Lease Securitization:

Due to a significant amount of capital being expended for new construction or improvements to existing space, today’s landlords are much more focused on the credit-worthiness of tenants. Landlords will look to deposits and letters of credit for security. Lease securitization ranges from 25% to 50% of the transaction costs depending upon the credit-worthiness of the tenant. Lease security, like landlord concessions, free rent, and annual rent are highly contested and should be addressed early in the decision making process.

Landlord Capital:

As landlords want to be assured of their tenants’ financial stability, tenants should also be comfortable that existing and future landlords are stable and able to fund transactions.

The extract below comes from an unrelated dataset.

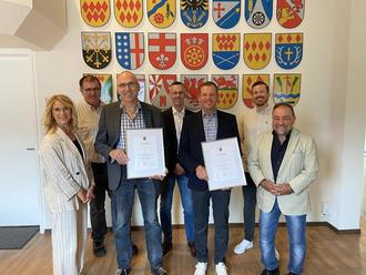 Als Zeichen der Anerkennung überreichte Bürgermeister Schomisch jedem der beiden Herren abschließend eine Urkunde sowie ein Präsent im Namen der Verbandsgemeinde Vordereifel.

Early in the process, tenants should be asking landlords to furnish documentation from their prospective lenders to provide proof they are in good standing and able to fund new transactions. Any lease document should insure a tenant’s right to offset their base rent as a remedy in the event the landlord cannot perform services or fund tenant improvements.

Leasing activity amongst major tenants in 2011:

  • GlaxoSmithKline announced they would vacate 850,000 square feet from One & Three Franklin Town in the CBD to the Philadelphia Yard.
  • Morgan Lewis renewed its lease at 1701 Market St for 289,432 square feet
  • CHOP announced they would expand their CBD presence in the Wanamaker Building from 190,000 SF to 260,000 SF.
  • Penn Medicine, part of the University of Pennsylvania Health System leased 153, 242 square feet at 8th & Market Street.
  • Janney Montgomery Scott signed a new lease at Three Logan Square where they have leased 147,000 square feet.
  • Comcast will expand at Three Logan Square from 50,000 square feet to 125,000 square feet.
  • Reed Smith will be relocating from One Liberty Place in early 2014 to Three Logan Square where they leased 115,000 square feet.
  • Ernst & Young is relocating from Two Commerce Square to One Commerce Square where they are leasing 74, 240 square feet.
  • Zurich American Insurance will relocate from 1818 Market St to 2000 Market St where it leased 51,300 square feet.               
Building comparison with the most vacancies:
Mellon Bank Center
*297,116 RSF
*230,313 RSF
2000 Market Street
*257,083 RSF
19,320 RSF
1717 Arch Street
461,367 RSF
245,817 RSF
Penn Mutual Tower
160,045 RSF
145,998 RSF
1818 Market Street
211,143 RSF
215,065 RSF
10 Penn Center
134,860 RSF
275,587 RSF
260 S Broad Street
155,077 RSF
177,910 RSF
1700 Market Street
202,006 RSF
137,038 RSF
One Commerce Square
122, 750 RSF
56,548 RSF
Two Commerce Square
143,666 RSF
222,730 RSF
1650 Arch Street
198,879 RSF
170, 993 RSF
1500 Market Street West
459,426 RSF
425, 575 RSF
1500 Market Street East
125,456 RSF
142, 736 RSF
100 North Independence Mall West
161,896 RSF
161/ 896 RSF


Since the vast majority of vacancy is still located in Class A assets, these landlords are willing to offer significant economic concessions to entice new tenants. When possible, tenants are taking full advantage of this opportunity to move into upgraded spaces without paying the historic premium between asset classes. This “flight to quality” will continue to result in more vacancy in the B/C Class office buildings while those Landlords scramble to retain their existing tenants.

Given all of the above, a lackluster job growth environment, the competition for tenancy will remain heated in Center City for the foreseeable future, Tenants seeking long-term leases will continue to negotiate attractive base rent schedules, free rent concessions, and sizable construction allowances.